Reactions: Like 1 | Agree 1 | Thanks 1


----------



## Wesley

Chris du Toit said:


> @BumbleBee have you tried Mike's Mega Mixes Biscuit Dreams? Tastes like salty, buttery cookie dough. Very nice!


I second that!

Reactions: Like 1 | Thanks 1


----------



## method1

BumbleBee said:


> Koeksusters! And Malva Pudding, with fresh hot homemade custard
> 
> Seriously though, a good savoury Vape will do well with me, something spicy or salty. All the sweetness out there just becomes too much sometimes. A nice curry maybe?



The offer is still open for my "Lait De Poisson" - pm me your address


----------



## Chris du Toit

Wesley said:


> I second that!


Takes me back to when I was younger and my mom was making peanut butter cookies and I used to lick the bowl clean of the dough


----------



## BumbleBee

Chris du Toit said:


> @BumbleBee have you tried Mike's Mega Mixes Biscuit Dreams? Tastes like salty, buttery cookie dough. Very nice!

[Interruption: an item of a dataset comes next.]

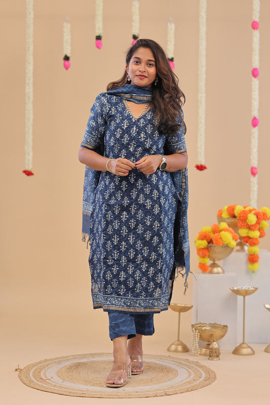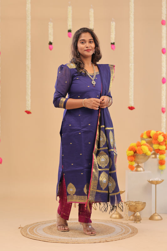 PREMIUM-KORA SILK navy blue Kurti set

I have indeed, and it's amazing  that butter really shines though, reminds me of a freshly baked shortbread. A truly exceptional dessert vape but not what I'd class as a savoury vape.

Reactions: Agree 1


----------



## Chris du Toit

Ok I get what you're after @BumbleBee... bacon and eggs breakfast vape! Drooooool!

Reactions: Winner 1


----------



## BumbleBee

method1 said:


> The offer is still open for my "Lait De Poisson" - pm me your address


No no my friend, I'm after savoury, not putrefied

Reactions: Agree 1 | Funny 1


----------



## BumbleBee

Chris du Toit said:


> Ok I get what you're after @BumbleBee... bacon and eggs breakfast vape! Drooooool!

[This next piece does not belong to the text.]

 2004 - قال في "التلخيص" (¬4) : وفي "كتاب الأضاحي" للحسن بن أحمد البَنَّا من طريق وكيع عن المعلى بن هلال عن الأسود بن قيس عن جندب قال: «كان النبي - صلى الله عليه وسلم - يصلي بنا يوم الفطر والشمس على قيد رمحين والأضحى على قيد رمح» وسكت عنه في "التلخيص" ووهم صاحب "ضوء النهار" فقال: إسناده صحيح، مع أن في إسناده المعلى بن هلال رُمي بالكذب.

Yes! The eggs on toast, with salt and pepper, and fried onions


----------



## method1

BumbleBee said:


> No no my friend, I'm after savoury, not putrefied



Then somehow I doubt you'd be interested in the sequel: "Surströmming"

https://en.wikipedia.org/wiki/Surströmming

"When opened, the contents release a strong and sometimes overwhelming odour; the dish is ordinarily eaten outdoors. According to a Japanese study, a newly opened can of surströmming has one of the most putrid food smells in the world, even more so than similarly fermented fish dishes such as the Korean _Hongeohoe_ or Japanese _Kusaya_.[1]:

Reactions: Agree 1 | Funny 1


----------



## Chris du Toit

"Homer Simpson voice"... Hmmmmmmmm

Reactions: Agree 1


----------



## BumbleBee

method1 said:


> Then somehow I doubt you'd be interested in the sequel: "Surströmming"
> 
> https://en.wikipedia.org/wiki/Surströmming
> 
> "When opened, the contents release a strong and sometimes overwhelming odour; the dish is ordinarily eaten outdoors. According to a Japanese study, a newly opened can of surströmming has one of the most putrid food smells in the world, even more so than similarly fermented fish dishes such as the Korean _Hongeohoe_ or Japanese _Kusaya_.[1]:


Dude, you need help

Reactions: Agree 1


----------



## BumbleBee

Seriously though, bacon and eggs on toast, I can see myself vaping this all day.


----------



## method1

BumbleBee said:


> Dude, you need help



Hey - I've no intention of trying it but it's quite popular in Sweden


----------



## method1

Found these:

http://decadentvapours.com/shop/savoury/roast-beef/

http://www.grooveejuice.com/peace-a-pizza/

pizza could be… interesting..


----------



## BumbleBee

method1 said:


> Hey - I've no intention of trying it but it's quite popular in Sweden


Sweden can keep it, right now I'm quite glad to be firmly stuck right here in South Africa 

So who's got a boerewors vape for me?

Reactions: Agree 1


----------



## Chris du Toit

method1 said:


> Found these:
> 
> http://decadentvapours.com/shop/savoury/roast-beef/
> 
> http://www.grooveejuice.com/peace-a-pizza/
> 
> pizza could be… interesting..


Whaaaaaat.... Is gonna have to wrap my mod with barb wire so I don't eat it!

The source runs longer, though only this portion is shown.